5. Do not assume that financial aid is not necessary
Just because adult learners have jobs does not mean that financial aid is not necessary. Many have family responsibilities including children and aging parents. Returning to gain a degree may require cutting down on work hours, or the second job, and universities need to be aware, and cognizant of, their needs, as well as the nuances and intricacies of financial aid for those drawing a salary elsewhere. Rapid recognition of the difference and working to assist them rather than trying to use the same guidelines as those for more “traditional” students is essential.

6. Provide clarity in pathways to jobs
College is not a right-of-passage for these students. Rather, it is a means to a better future, a higher-paying job, and/or a more desirable career. Universities need to ensure that the curriculum and courses offer clear pathways to these goals and that academic knowledge is augmented by helpful career development centers and partnerships with the corporate/nonprofit sector to enable rapid progression. Universities need to enable this from Day 1, assisting in placement and career advising.

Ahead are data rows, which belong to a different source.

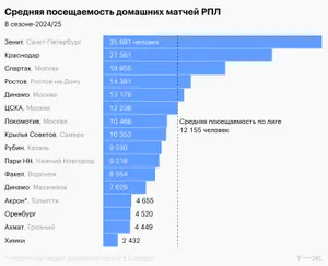 Почти десять лет самым посещаемым клубом страны остается петербургский «Зенит». В минувшем сезоне на домашние матчи клуба собиралось в среднем более 35,5 тысячи человек. Этого достаточно, чтобы уверенно удерживать лидерство по числу болельщиков на трибунах, хотя цифры все еще далеки от пиковых значений 2018 и 2019 годов: тогда на игры «Зенита» в среднем ходило более 48 тысяч человек.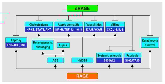 Wolf et al. also demonstrated that in vivo administration of RAGE-blocking antibodies ameliorated the clinical score of atopic dermatitis by reducing the levels of pro-inflammatory cytokines, even though the levels of IL-1α did not drop significantly [34]. Szczepanski et al. [35] studied a very specific skin district, i.e., the ear, and the correlation between the HMGB1/RAGE pathway and the pathogenesis of cholesteatoma. Through such a chain reaction, they noted an increase of RAGE levels on skin cells, a more consistent production of IL-8, and better protection from apoptosis of keratinocytes by phosphorylation of MEK (meiotic chromosome-axis-associated kinase) 1/2, STAT3, MAPK (mitogen-activated protein kinase) p44/p22, and NF-κB. All these effects were lost when the cell medium was enriched with RAGE-binding antibodies [35]. NF-κB and the subsequent production of IL-6 were also shown to be downregulated in mice with TPA-induced atopic dermatitis, when they were treated with Glycyrrhiza glabra, a direct inhibitor of HMGB1, one of the main ligands of RAGE [36]. Concerning the same mechanism, it is noteworthy that de Carvalho et al. investigated the role of RAGE in lichen planus, observing that its levels were more prominent in the upper layers of the dermis of patients compared with healthy controls, even though the levels of its mRNA were lower: they suggested that this might be due to the rapid translocation of HMGB1 by affected keratinocytes [37]. On the same note, but regarding atopic dermatitis, there is a study focusing on the role of quercetin in inhibiting the RAGE pathway through HMGB1 [38]: in this study, the authors observed downregulation of cytoplasmic HMGB1, RAGE, nuclear p-NFκB, p-ERK1/2, COX2, TNFα, IL-1β, IL-2Rα, IFNγ, and IL-4 and upregulation of nuclear Nrf2, which ultimately resulted in an attenuation of the atopic dermatitis-like lesions induced by a house dust mite extract applied to the dorsal skin of NC/Nga transgenic mice. Two more studies focused, respectively, on the difference between a physiological and pathological skin conditions such as skin thickness and inflammation, finding that RAGE expression directly correlated with epidermal thickness [39], and a possible relationship with levels of oxidative stress and artery diseases, finding that skin autofluorescence is increased in stable coronary artery disease and associated with soluble RAGE [40].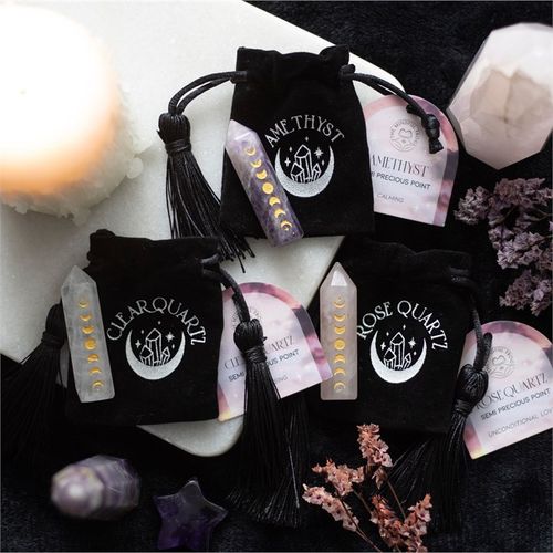 This beautiful clear quartz crystal point is perfect in size for travel altars, desk decor or taking on the go for extra protection. Features a gold-tone moon phase engraving and comes with a matching drawstring bag for storage and safe-keeping.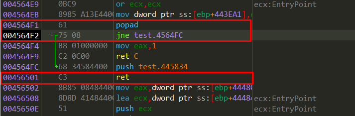중단된 곳은 아래의 popad 부분이다. 바로 밑에서 jne로 점프 후 445834로 리턴하고 있다.

7. Enhance opportunities for network building
Returning students often are shy and need assistance in building networks and support systems for themselves within academic settings. Special efforts need to be made to do this, as well as to expand their horizons and opportunities through networking with alumni and corporate partners.

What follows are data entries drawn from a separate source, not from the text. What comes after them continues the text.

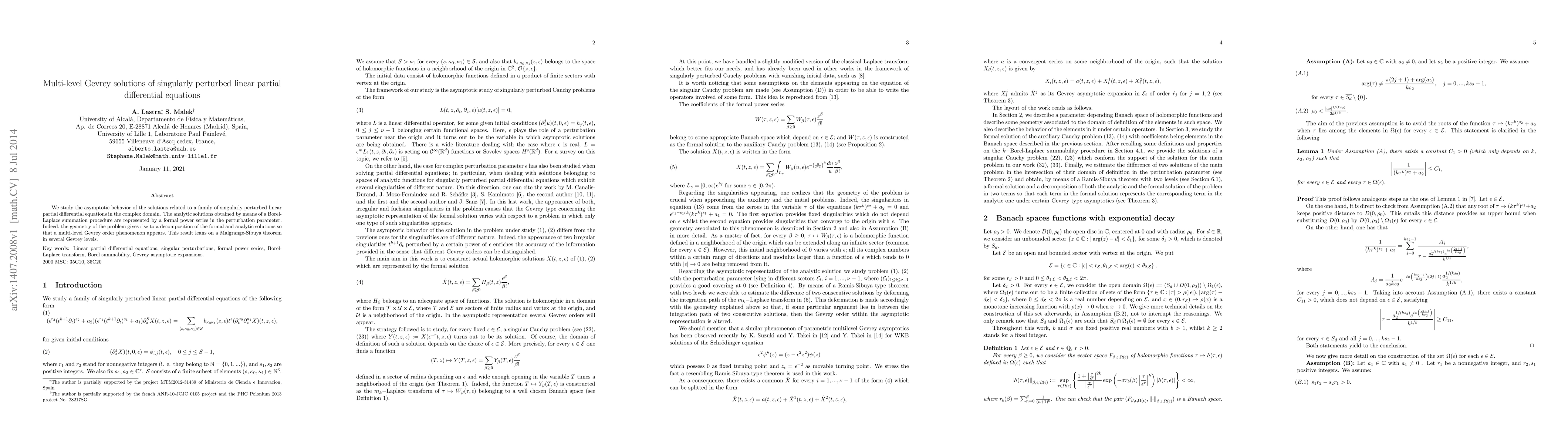 This paper investigates the asymptotic behavior of solutions to singularly perturbed linear partial differential equations using a Borel-Laplace summation procedure, revealing a multi-level Gevrey order phenomenon based on the geometry of the problem and supported by a Malgrange-Sibuya theorem.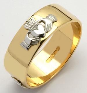 Men's 14ct Yellow Gold Claddagh Ring with 3 White Claddaghs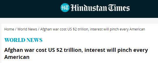 据《印度斯坦时报》17日报道,自2001年“9·11”事件以来,美军在阿富汗驻扎20年花费数万亿美元,但在塔利班的“闪电战”面前,所有这一切都化为乌有。

Universities that create a welcoming and supportive environment will not only attract this demographic but will ensure their success. These potential students are self-motivated and driven to succeed. We just need to create the systems that give adult learners a good experience, acknowledging that their presence on our campuses and in our classes adds a huge positive dimension to the educational experience of our “traditional” students due to the tremendous diversity of life and career experiences they bring.

And yes–all the steps needed to ensure their success are just as applicable to ALL our students. In fact, they are critical if we are to succeed today as we move forward in a post-pandemic world.